Publication date: March 2019

Source: Journal of Human Evolution, Volume 128

Author(s): Emma Loftus, Julia Lee-Thorp, Melanie Leng, Curtis Marean, Judith Sealy

Abstract

This study assesses the seasonal scheduling of shellfish harvesting among hunter-gatherer populations along the southernmost coast of South Africa, based on a large number of serial oxygen isotope analyses of marine mollusk shells from four archaeological sites. The south coast of South Africa boasts an exceptional record of coastal hunter-gatherer occupation spanning the Holocene, the last glacial cycle and beyond. The significance of coastal adaptations, in this region in particular, for later modern human evolution has been prominently debated. Shellfishing behaviors are an important focus for investigation given the dietary and scheduling implications and the abundant archaeological shell remains in numerous sites. Key to better understanding coastal foraging is whether it was limited to one particular season, or year-round. Yet, this has proven very difficult to establish by conventional archaeological methods. This study reconstructs seasonal harvesting patterns by calculating water temperatures from the final growth increment of shells. Results from two Later Stone Age sites, Nelson Bay Cave (together with the nearby Hoffman's Robberg Cave) and Byneskranskop 1, show a pronounced cool season signal, which is unexpected given previous ethnographic documentation of summer as the optimal season for shellfishing activities and inferences about hunter-gatherer scheduling and mobility in the late Holocene.
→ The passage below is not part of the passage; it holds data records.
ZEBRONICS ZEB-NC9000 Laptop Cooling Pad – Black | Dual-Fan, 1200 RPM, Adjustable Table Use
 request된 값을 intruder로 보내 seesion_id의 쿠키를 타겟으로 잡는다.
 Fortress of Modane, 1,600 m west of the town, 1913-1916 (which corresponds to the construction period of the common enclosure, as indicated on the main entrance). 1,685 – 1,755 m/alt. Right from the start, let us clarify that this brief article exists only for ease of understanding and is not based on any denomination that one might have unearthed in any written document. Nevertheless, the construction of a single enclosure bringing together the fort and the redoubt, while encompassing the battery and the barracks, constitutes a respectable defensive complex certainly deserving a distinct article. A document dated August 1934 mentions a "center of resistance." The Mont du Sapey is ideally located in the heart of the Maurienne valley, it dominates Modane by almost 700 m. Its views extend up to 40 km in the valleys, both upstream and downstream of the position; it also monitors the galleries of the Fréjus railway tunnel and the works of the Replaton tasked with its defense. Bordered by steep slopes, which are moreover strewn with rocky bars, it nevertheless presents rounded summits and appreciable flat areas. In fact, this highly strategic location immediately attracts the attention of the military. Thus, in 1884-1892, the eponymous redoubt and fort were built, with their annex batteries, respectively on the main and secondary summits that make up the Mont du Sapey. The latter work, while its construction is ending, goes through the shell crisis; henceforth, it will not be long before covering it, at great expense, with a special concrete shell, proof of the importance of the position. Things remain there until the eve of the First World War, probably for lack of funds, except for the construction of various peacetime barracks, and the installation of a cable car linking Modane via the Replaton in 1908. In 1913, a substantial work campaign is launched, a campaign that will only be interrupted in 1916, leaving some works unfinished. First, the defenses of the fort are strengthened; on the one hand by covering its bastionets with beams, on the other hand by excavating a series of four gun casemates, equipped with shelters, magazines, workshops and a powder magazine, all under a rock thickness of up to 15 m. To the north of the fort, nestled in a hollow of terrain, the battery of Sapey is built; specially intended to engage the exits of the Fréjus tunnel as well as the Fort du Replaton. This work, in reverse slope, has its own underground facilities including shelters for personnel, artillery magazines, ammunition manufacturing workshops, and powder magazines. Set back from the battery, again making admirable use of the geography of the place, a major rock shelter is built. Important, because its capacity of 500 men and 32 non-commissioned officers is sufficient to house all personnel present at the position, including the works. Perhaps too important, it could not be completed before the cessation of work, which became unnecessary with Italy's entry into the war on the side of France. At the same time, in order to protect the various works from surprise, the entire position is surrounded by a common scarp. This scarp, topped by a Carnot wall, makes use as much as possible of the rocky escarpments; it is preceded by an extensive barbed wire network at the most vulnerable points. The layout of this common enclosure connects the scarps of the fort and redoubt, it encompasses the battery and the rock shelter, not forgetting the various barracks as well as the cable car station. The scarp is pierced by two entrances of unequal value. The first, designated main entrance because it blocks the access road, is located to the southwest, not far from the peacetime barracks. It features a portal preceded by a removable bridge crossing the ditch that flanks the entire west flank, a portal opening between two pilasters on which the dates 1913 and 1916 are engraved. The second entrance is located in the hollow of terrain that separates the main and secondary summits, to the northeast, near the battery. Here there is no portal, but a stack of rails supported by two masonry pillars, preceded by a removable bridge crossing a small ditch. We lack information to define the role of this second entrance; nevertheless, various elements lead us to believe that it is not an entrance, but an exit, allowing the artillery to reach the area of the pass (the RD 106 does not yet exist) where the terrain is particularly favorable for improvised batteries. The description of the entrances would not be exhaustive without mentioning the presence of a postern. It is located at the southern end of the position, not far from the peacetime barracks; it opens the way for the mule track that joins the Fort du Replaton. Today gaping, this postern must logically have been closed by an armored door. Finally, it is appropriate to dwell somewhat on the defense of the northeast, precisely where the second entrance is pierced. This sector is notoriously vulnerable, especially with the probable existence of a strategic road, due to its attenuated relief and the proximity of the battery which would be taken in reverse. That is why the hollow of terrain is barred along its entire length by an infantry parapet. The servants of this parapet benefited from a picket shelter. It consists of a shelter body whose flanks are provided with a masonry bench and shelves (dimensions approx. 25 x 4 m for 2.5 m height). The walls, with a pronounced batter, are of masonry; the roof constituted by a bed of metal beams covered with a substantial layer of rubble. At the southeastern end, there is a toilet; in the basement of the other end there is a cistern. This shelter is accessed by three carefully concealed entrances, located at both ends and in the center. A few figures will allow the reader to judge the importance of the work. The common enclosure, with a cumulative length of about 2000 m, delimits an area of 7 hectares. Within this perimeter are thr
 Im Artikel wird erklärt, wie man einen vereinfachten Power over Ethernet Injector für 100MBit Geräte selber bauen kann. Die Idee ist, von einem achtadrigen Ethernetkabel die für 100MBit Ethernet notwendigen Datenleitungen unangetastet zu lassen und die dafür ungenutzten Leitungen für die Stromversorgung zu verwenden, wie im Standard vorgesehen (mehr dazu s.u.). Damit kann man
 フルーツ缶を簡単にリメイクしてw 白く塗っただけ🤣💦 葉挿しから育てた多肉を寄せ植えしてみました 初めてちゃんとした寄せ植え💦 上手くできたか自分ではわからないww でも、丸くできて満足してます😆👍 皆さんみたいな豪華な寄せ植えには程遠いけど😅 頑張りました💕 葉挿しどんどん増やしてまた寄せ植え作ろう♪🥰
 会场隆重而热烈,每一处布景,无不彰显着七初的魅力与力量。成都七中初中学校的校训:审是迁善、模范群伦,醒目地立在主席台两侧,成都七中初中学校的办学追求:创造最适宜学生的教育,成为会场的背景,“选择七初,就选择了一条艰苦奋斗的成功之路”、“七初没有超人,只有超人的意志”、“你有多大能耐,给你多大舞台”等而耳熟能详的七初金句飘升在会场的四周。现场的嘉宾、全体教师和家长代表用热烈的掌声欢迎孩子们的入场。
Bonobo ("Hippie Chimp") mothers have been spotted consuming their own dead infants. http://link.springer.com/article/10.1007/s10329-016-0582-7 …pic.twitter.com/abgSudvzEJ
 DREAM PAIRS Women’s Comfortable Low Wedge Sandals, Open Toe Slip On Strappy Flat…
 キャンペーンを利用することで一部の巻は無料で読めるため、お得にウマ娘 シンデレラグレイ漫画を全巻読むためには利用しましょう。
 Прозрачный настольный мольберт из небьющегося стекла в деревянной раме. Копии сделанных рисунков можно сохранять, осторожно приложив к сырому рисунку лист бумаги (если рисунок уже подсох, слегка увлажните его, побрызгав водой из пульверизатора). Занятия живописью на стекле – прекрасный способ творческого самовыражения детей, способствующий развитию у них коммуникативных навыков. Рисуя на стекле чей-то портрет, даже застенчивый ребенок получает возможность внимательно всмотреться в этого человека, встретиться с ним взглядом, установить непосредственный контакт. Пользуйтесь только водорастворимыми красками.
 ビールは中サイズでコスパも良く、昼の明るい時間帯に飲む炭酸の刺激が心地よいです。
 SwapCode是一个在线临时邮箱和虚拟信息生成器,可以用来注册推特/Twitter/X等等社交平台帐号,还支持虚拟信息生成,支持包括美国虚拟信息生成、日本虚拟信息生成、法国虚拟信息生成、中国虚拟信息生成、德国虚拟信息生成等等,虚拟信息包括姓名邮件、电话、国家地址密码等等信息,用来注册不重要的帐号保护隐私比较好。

Results from two Middle Stone Age sites, Klasies River and Pinnacle Point 5–6, show distinct seasonal patterns that likely reflect the seasonal availability of resources in the two locations. The Pinnacle Point 5–6 assemblage, which spans the MIS5-4 transition, records a marked shift in shellfishing seasonality at c. 71 ka that aligns with other indications of archaeological and environmental change at this time. We conclude that the scheduling and intensity of shellfishing in this region is affected by a suite of factors, including environmental and cultural drivers, rather than a single variable, such as population growth.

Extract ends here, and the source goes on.